_Recorded information_:
☆ ☆ ☆ ☆ ☆

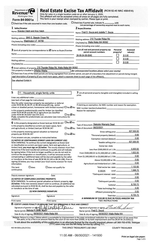 | 1 | 06/30/2021 | SWD | STATUTORY WARRANTY DEED | HATCH BRANDON & AMY | SOUZA FRED D & JODETTE T | | | $627,500.00 | 141930 | 2021-07933 |
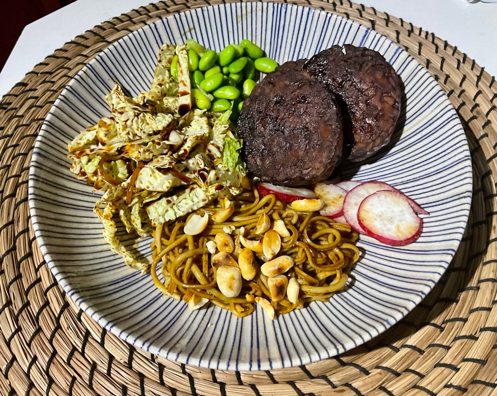 It’s time for some tempeh again. I went down the Asian route again as I love it so much as the tempeh really soaks up the yummy flavours. Next time I’m going to go down a different route I think. I always keep a bag of edamame beans in the freezer and just rinse them to defrost them so I can chuck them in any salad. I love Chinese duck and pancakes so I tend to add hoisin sauce to as many things as possible, like this recipe. In the Chinese supermarket I came across these unusual noodles that is the brand of the celebrity chef Ching He Huang. They were delicious and the texture was really good so if you see any different noodles give them try.
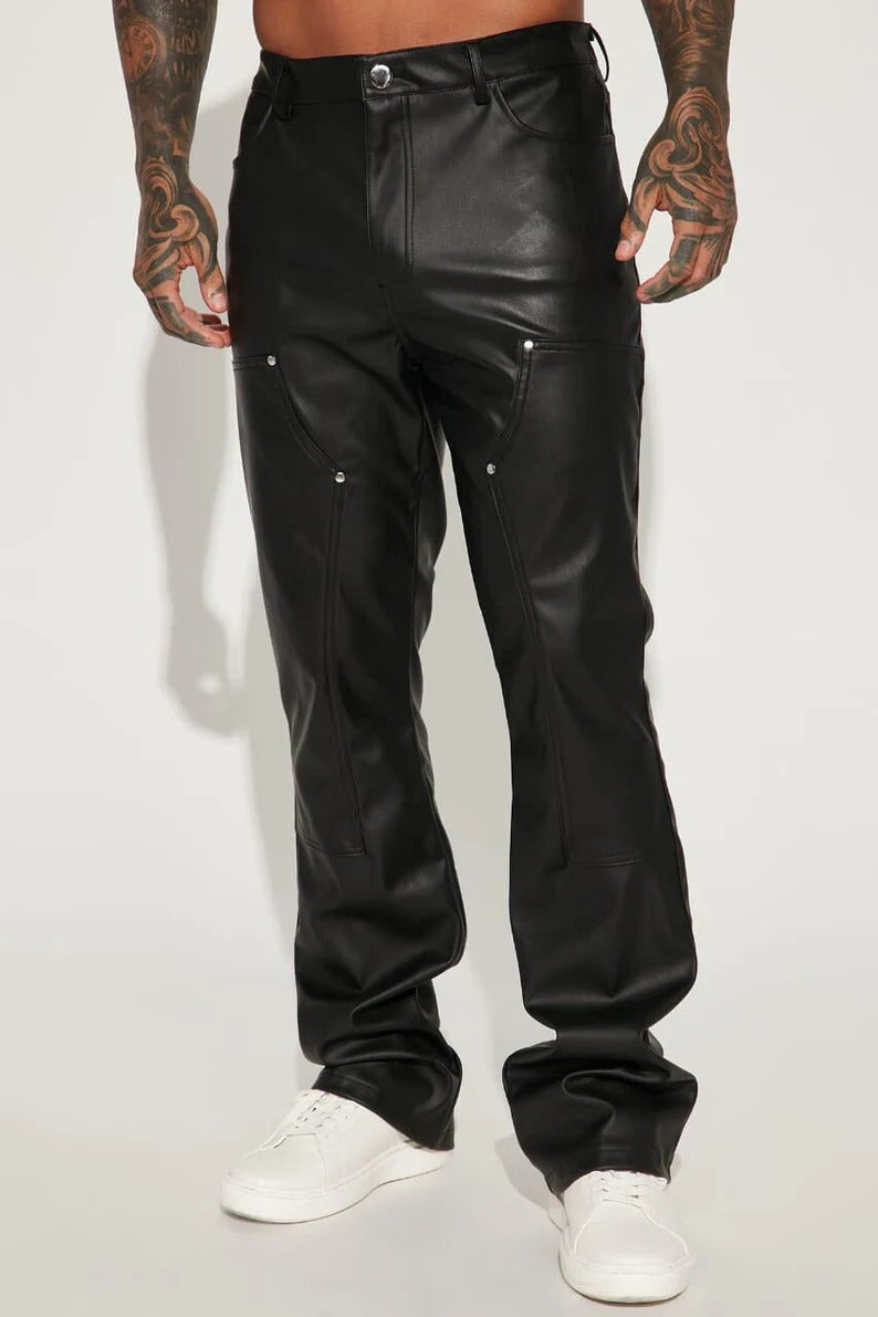 Men's Slim Fit Genuine Leather Pants - Elongated Straight First Layer Leather
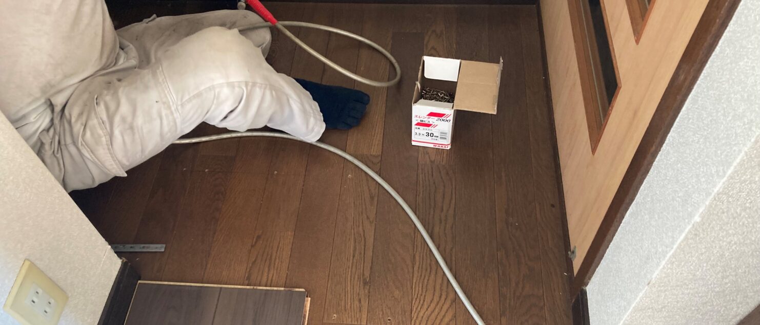 フローリングの補強 2024年9月9日 ブログ 本日は、志多町のお宅にて、玄関上がった所の床の補強として、フローリングの上張りを行いました。 まずは、ギシギシする床鳴りを何とかしないといけません。ビスで床鳴りを防止する補強を行いまして、床鳴りがしなくなったら、フローリングの上張り作業を行っていきます。 最後の張りじまいはどうしても接着に頼らなければならないため、いろいろな圧着方法を駆使して張り終わりました! さすが、佐々木大工さん。綺麗に仕事してくれますね^^ トイレリフォーム 浴室リフォーム着工!

☆ ☆ ☆ ☆ ☆

Without including any picture, reproduce the material above word for word.

_Output of the exercise_:
 | 1 | 06/30/2021 | SWD | STATUTORY WARRANTY DEED | HATCH BRANDON & AMY | SOUZA FRED D & JODETTE T | | | $627,500.00 | 141930 | 2021-07933 |
 It’s time for some tempeh again. I went down the Asian route again as I love it so much as the tempeh really soaks up the yummy flavours. Next time I’m going to go down a different route I think. I always keep a bag of edamame beans in the freezer and just rinse them to defrost them so I can chuck them in any salad. I love Chinese duck and pancakes so I tend to add hoisin sauce to as many things as possible, like this recipe. In the Chinese supermarket I came across these unusual noodles that is the brand of the celebrity chef Ching He Huang. They were delicious and the texture was really good so if you see any different noodles give them try.
 Men's Slim Fit Genuine Leather Pants - Elongated Straight First Layer Leather
 フローリングの補強 2024年9月9日 ブログ 本日は、志多町のお宅にて、玄関上がった所の床の補強として、フローリングの上張りを行いました。 まずは、ギシギシする床鳴りを何とかしないといけません。ビスで床鳴りを防止する補強を行いまして、床鳴りがしなくなったら、フローリングの上張り作業を行っていきます。 最後の張りじまいはどうしても接着に頼らなければならないため、いろいろな圧着方法を駆使して張り終わりました! さすが、佐々木大工さん。綺麗に仕事してくれますね^^ トイレリフォーム 浴室リフォーム着工!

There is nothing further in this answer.